“If we change the paradigm of how CGTs are developed and commercialized, I think we’ll see the dam break and access will become widespread.”

In our latest Member Spotlight, we feature Patrick Hanley, who has seen the cell and gene therapy field grow from a handful of specialised programs into a global clinical reality. As Chief and Director of the Cellular Therapy Program at Children’s National, he and his team lead multiple CGT clinical trials and have helped deliver hundreds of life-saving therapies to patients with limited options.

What’s your affiliation with the cell & gene therapy field?

I’m old enough to have seen the CGT field mature from a handful of programs – we used to call them ivory towers – to more than two hundred treatment centers worldwide offering nearly 50 approved cell and gene therapy products. As a graduate student I worked to translate a research project on cord blood-derived virus-specific T cells into a clinical trial for patients with viral infections post-transplant, and ever since I’ve been fascinated by Good Manufacturing Practices and regulations for CGT and I’ve been a believer in the tremendous potential the field holds for patients. Now I serve as chief and director of the cellular therapy program at Children’s National where we have more than ten ongoing cell and gene therapy clinical trials that we developed at our institution. Over the past 12 years we’ve treated more than 300 patients and manufactured more than 600 products for critically ill patients without other alternatives. I’ve also been involved in co-founding a few companies and have served as an advisor to nearly ten biotech companies.

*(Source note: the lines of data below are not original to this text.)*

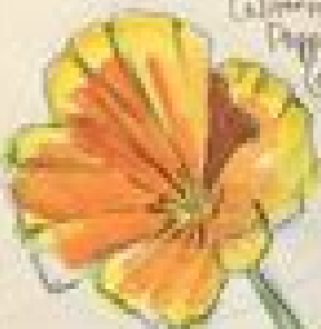
California Poppo (1915)

Let me draw the delicious quality of this land.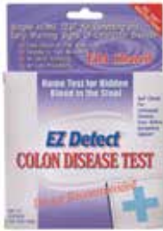
EZ Detect® Colon Cancer Test Kit † Item No. 1416 $13 00 - 1 ct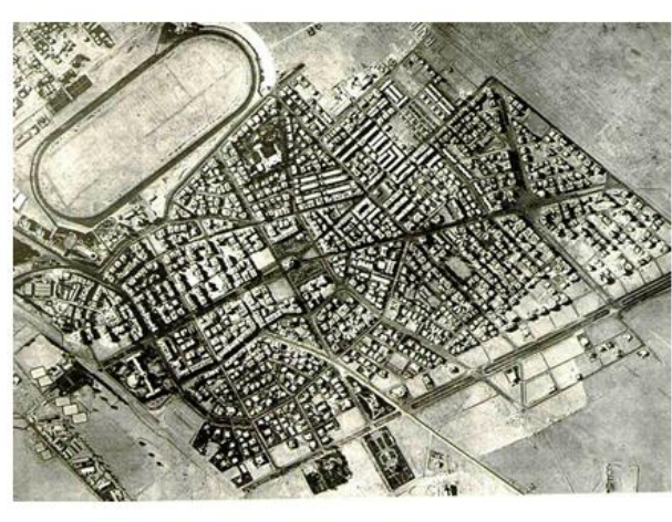
Fig. 1 left, The Heliopolis Company's Headquarters. Right, The Mass plan of Heliopolis in the year 1930.

Although much has changed in Heliopolis since first constructed, yet many of the constructed buildings are still exist, the same with the urban form of the city. According to its original plan, Heliopolis was to cover 2.500 hectares (Ilbert, 1981) including wide open green spaces and dwellings of all types, ranging from villas to very small workers dwellings. There was variety of buildings that attracted all the community's classes. Luxury buildings were constructed yet a special area of the new city was designated to house workers and servants (Osman, 2016). Their houses were economical but they were designed to provide good conditions for living.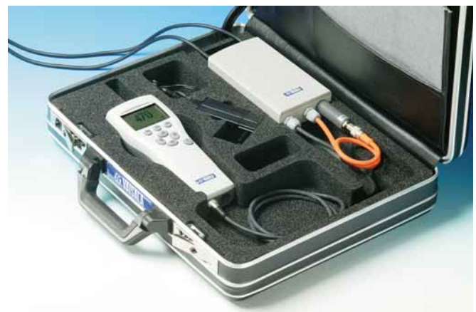
The GM70 in pump-aspirated mode is used for example to check incubators in the field.

CARBOCAP® is a registered trademark of Vaisala. Specifications subject to change without prior notice. ©Vaisala Oyj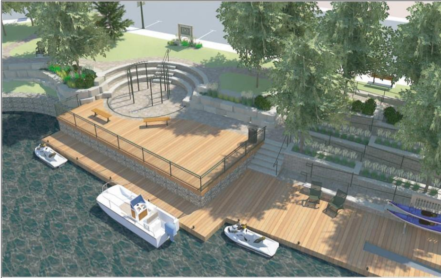
Option 2 – Overhead View 1

The Delta Community Improvement Committee has worked on a planning report, town website ( https://www.deltaontario.com ) and development of Millside Park in the center of town. "Small boats will be able to dock on the new stabilized docking that will include a canoe and kayak launch." According to the Winter 2021 letter from Mayor Hoogenboom, sent with the interim tax bills, phase 2 of the project has been completed. Details about the project can be found at https://bit.ly/3oWCzL4 . Below is an artist's rendering and an actual photo!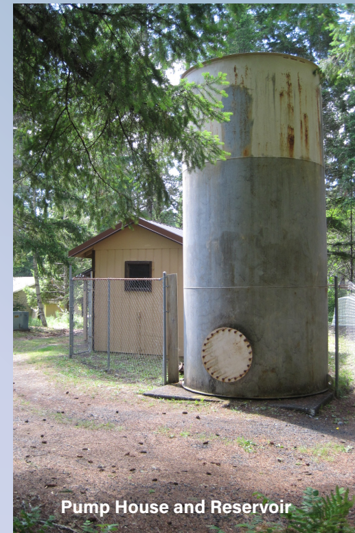
Pump House and Reservoir

To ensure that tap water is safe to drink, the Washington State Board of Health and/or EPA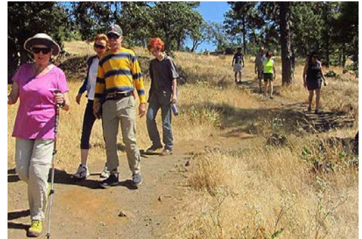
A short hike in Mosier after biking.

Stay fit during the summer. Join us on some of the upcoming hikes and/or bike rides.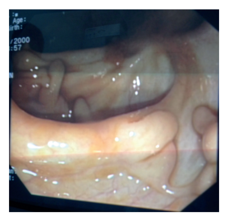
FIG. 1. Endoscopic appearance of filiform polyps in the colon.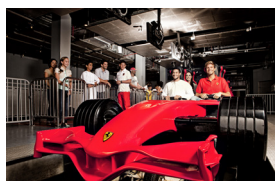
Shows and tickets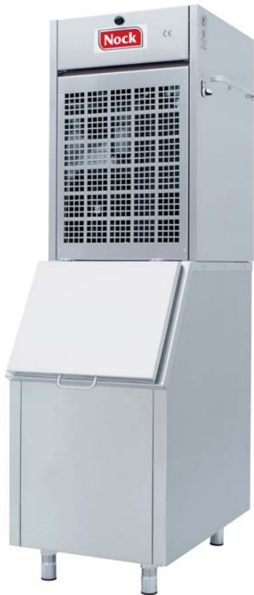
NSH 150 with stock container for ice NEV 100 (optional)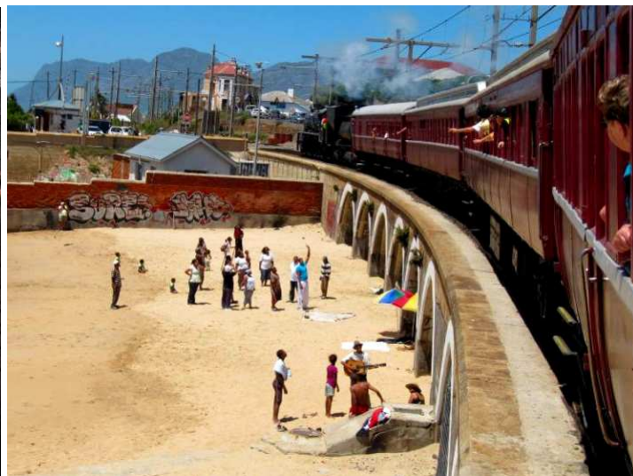
Oral langs die pad het ons mense in verwondering gelaat. Hiërdie mense het definitief nie beplan om dié dag 'n stoomtrein te sien nie.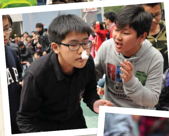
We are having fun in the game section!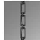
Rectangular Chain (CH3)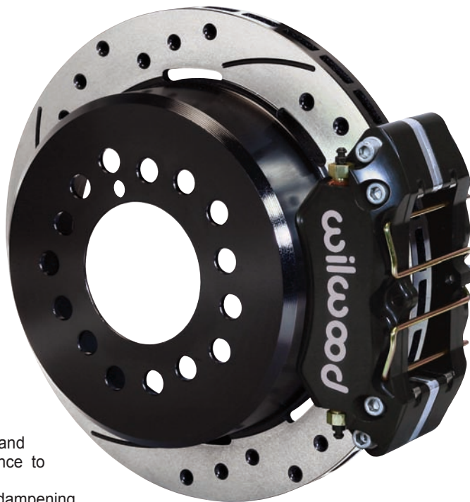
Rear Parking Brake Kit with SRP Rotor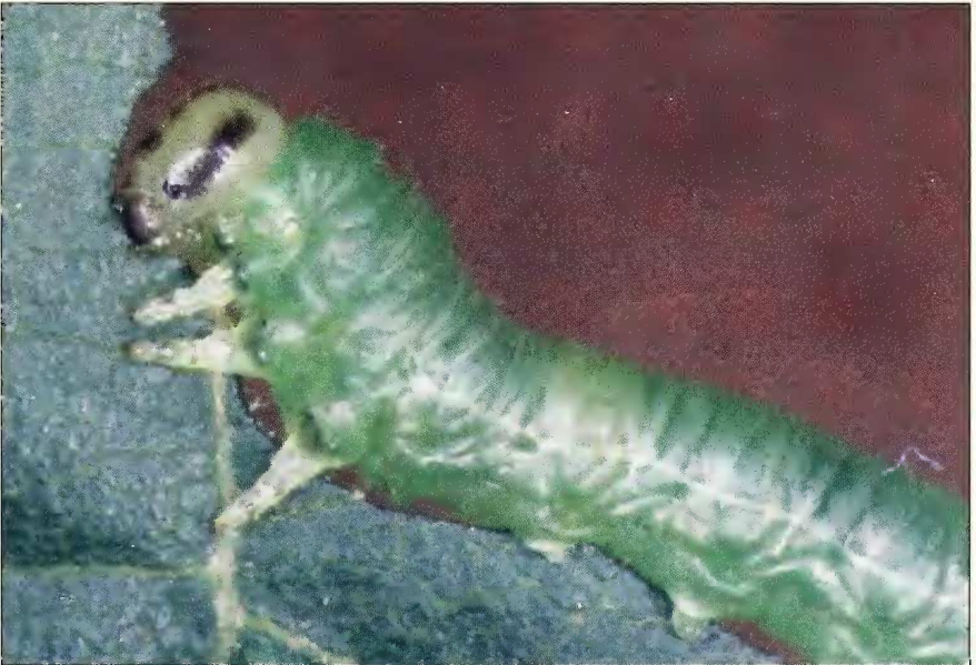
Fig. 2. An older larva of Pristiphora leucopus showing the head markings and reduced coxal markings of the final instar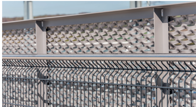
INTEGRA-pw Extra – Handrail stainless steel

BLECHZUSCHNITTE KANTPROFILE STANZEN LASERN SCHWEISSTECHNIK ÜBER 60 BLECHSORTEN IMMER VORRÄTTIG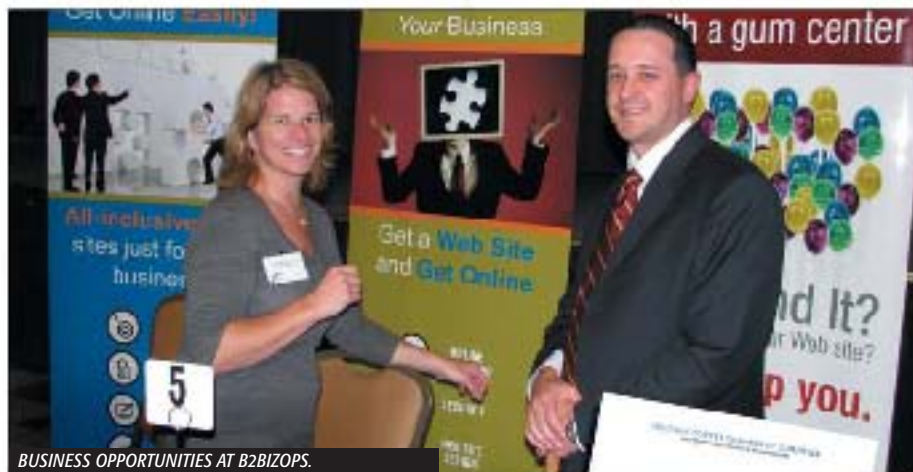
BUSINESS OPPORTUNITIES AT B2BIZOPS.

new opportunities with government agencies and larger companies.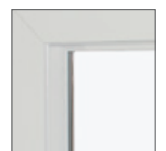
3- 1 / 4 " flat casing with sill nose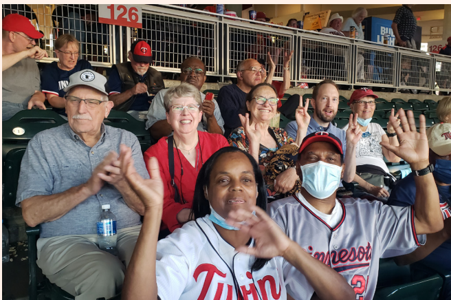
Lutheran Night at the Twins is a Summer favorite.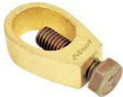
'O' Type Clamp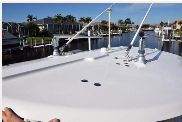
Factory hardtop with antenna and lights on pivot mounts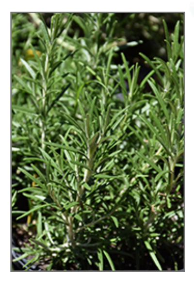
Hill Hardy Rosemary foliage

Hill Hardy Rosemary features dainty spikes of lightly-scented blue flowers at the ends of the branches from late spring to mid summer. It has attractive dark green evergreen foliage. The fragrant needles are highly ornamental and remain dark green throughout the winter.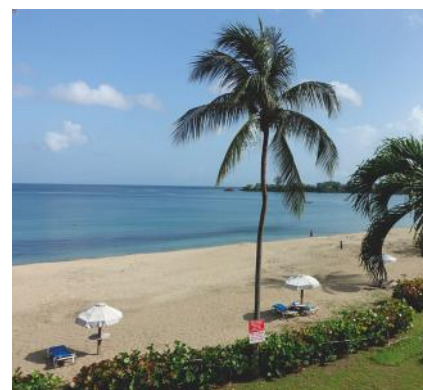
CLOCKWISE FROM TOP LEFT: Birdsong Lodge, Castara Retreats; white-tailed sabrewing; Starfish Tobago; Adventure Eco Villas; the pool at Starfish Tobago

PICTURES: Visit Tobago/Alex Treadway, Faraaz Abdool; Clare Vooght; Tobago Tourism Agency/Alexa Fernando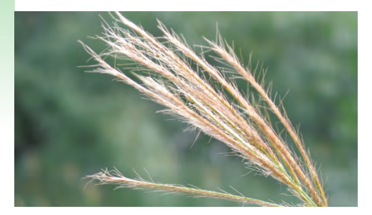
False Rhodes Grass prefers deep alluvial soils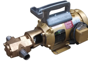
25GPM Portable Oil Transfer Pump - Massive Gears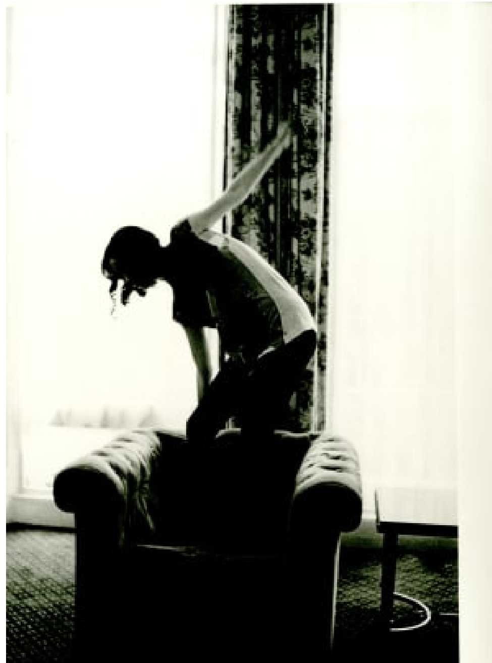
Joy Wilson Stylists | Womens Fashion

Your brain tells you what you want, while your body tells you what you need. So get into the habit of listening to your body!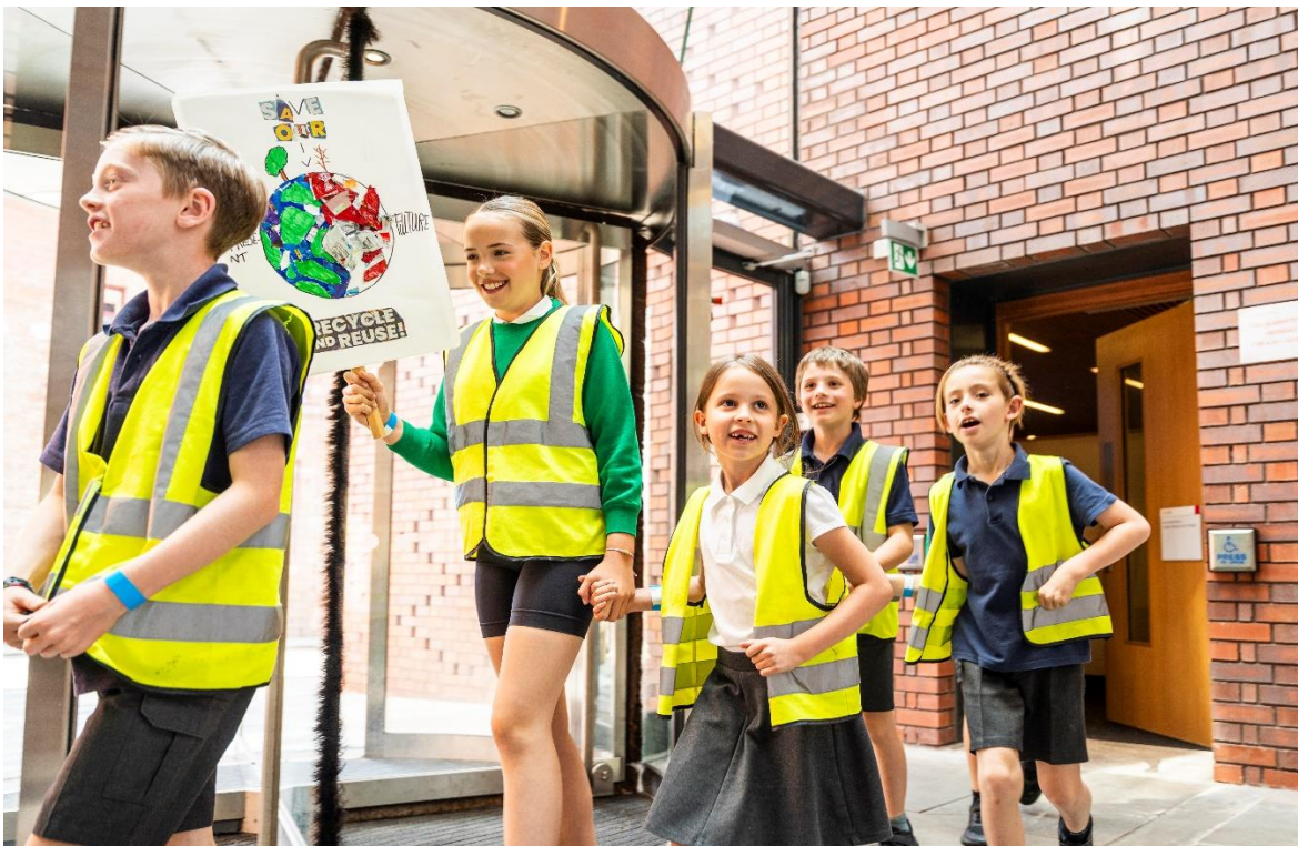
Students marching around Charles Street Building, Sheffield Hallam University

With only a few schools interviewed and the usual survey limits, these are best read as promising examples rather than firm, system-wide evidence. Even so, they show how the box can seed something bigger.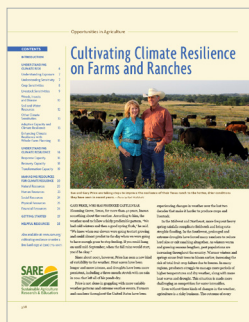
Cultivating Climate Resilience on Farms and Ranches www.SARE.org/climate-resilience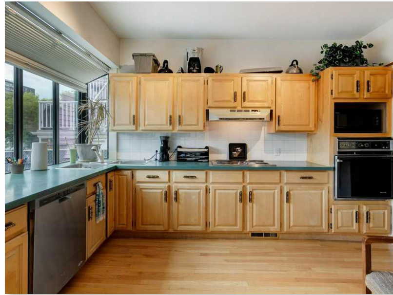
//Office space and kitchen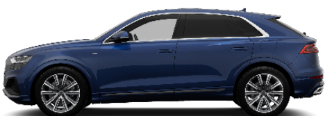
Navarra Blue 2D2D Metallic €1,375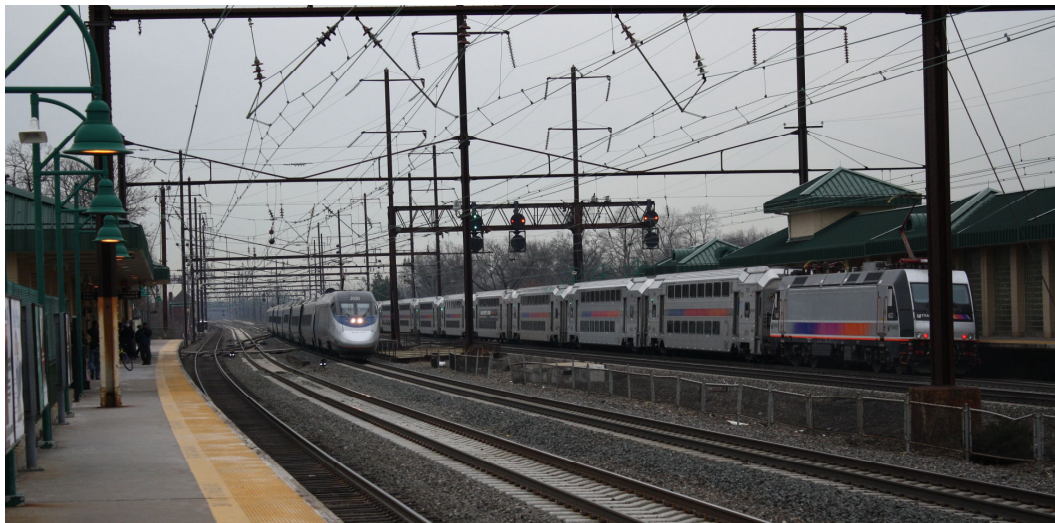
Amtrak 2166 and New Jersey Transit 3251 at Rahway, NJ. Photo by Dick Brazda January 15, 2016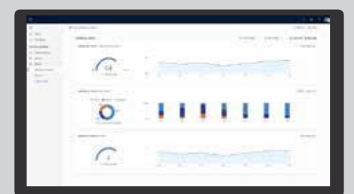
Drive action with real time feedback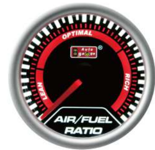
AU-AFSWL270-SM ELECTRICAL AIR FUEL RATIO GAUGE ( NARROW BAND ) STEPPER MOTOR MOVEMENT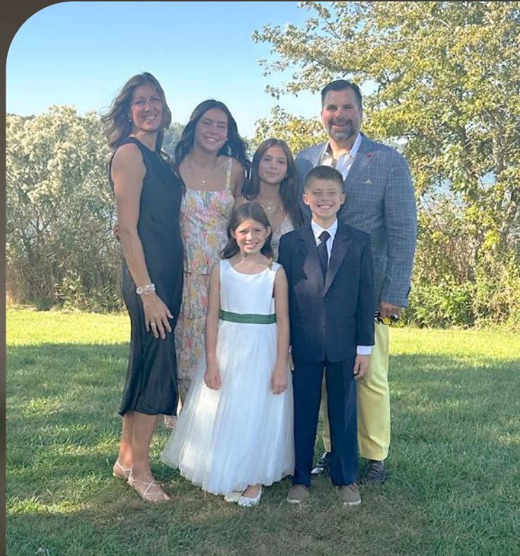
My Sister's wedding, North Beach, MD

I would want to instantly master how to drive the golf ball 300 yards down the middle of the fairway. every time. Why? Because I struggle with my distance off the tee.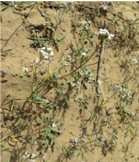
Eremobium aegyptiacum (meaning Desert Life) is much appreciated by butterflies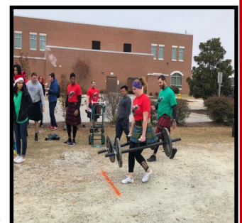
Walking with barbells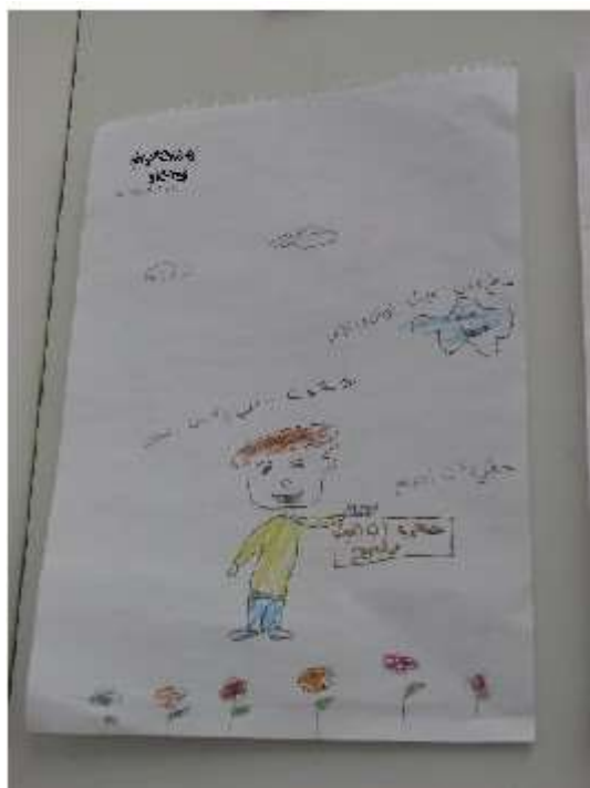
A drawing by an Iraqi child in Damascus with the Arabic writing saying, "I have the right to live in security and peace, I have the right to learn. I have the right to play and have fun." Syria, © AI, June 2007

Interviewed by Amnesty International in June 2007 in Syria

What is your role within Act for Hope, and what motivated you to get involved?

I am a member of Act for Hope and have served on both the Manufacturing committee and in my current role on the Communication workstream, I was motivated to get involved initially by the promise to help standardize manufacturing and lower the barrier to commercial success, but what really hooked me were some of the conversations we had last year as a group about how to lower the barrier to access for patients and how to include groups like FACT, where I serve on the board of directors, in that discussion.

What is the biggest challenge you currently see in the CGT space?

To me the biggest challenge is that we’ve taken something that works in patients and tried to apply the same pharmaceutical model for delivery to a personalized drug product. I see parallels to Microsoft and computers – in the 1970s most effort was spent further developing massive mainframe computers that were expensive to use and you had to book time. What Microsoft did was come in and take advantage of computers that could be used by everyone in every house by providing software that was easy to use. If we change the paradigm of how CGTs are developed and commercialized, I think we’ll see the dam break and access will become widespread. We’ve seen the first step towards that goal with the recent approval of Waskyra, a gene therapy for Wiscott-Aldrich Syndrome – by the nonprofit Fondazione Telethon. Yes, the first gene therapy for Wiscott-Aldrich is from a non profit who originally raised funds by calling people and asking for donations! This is only one example of a different approach to CGT commercialization and I think the more competition we have the better we will be able to serve patients.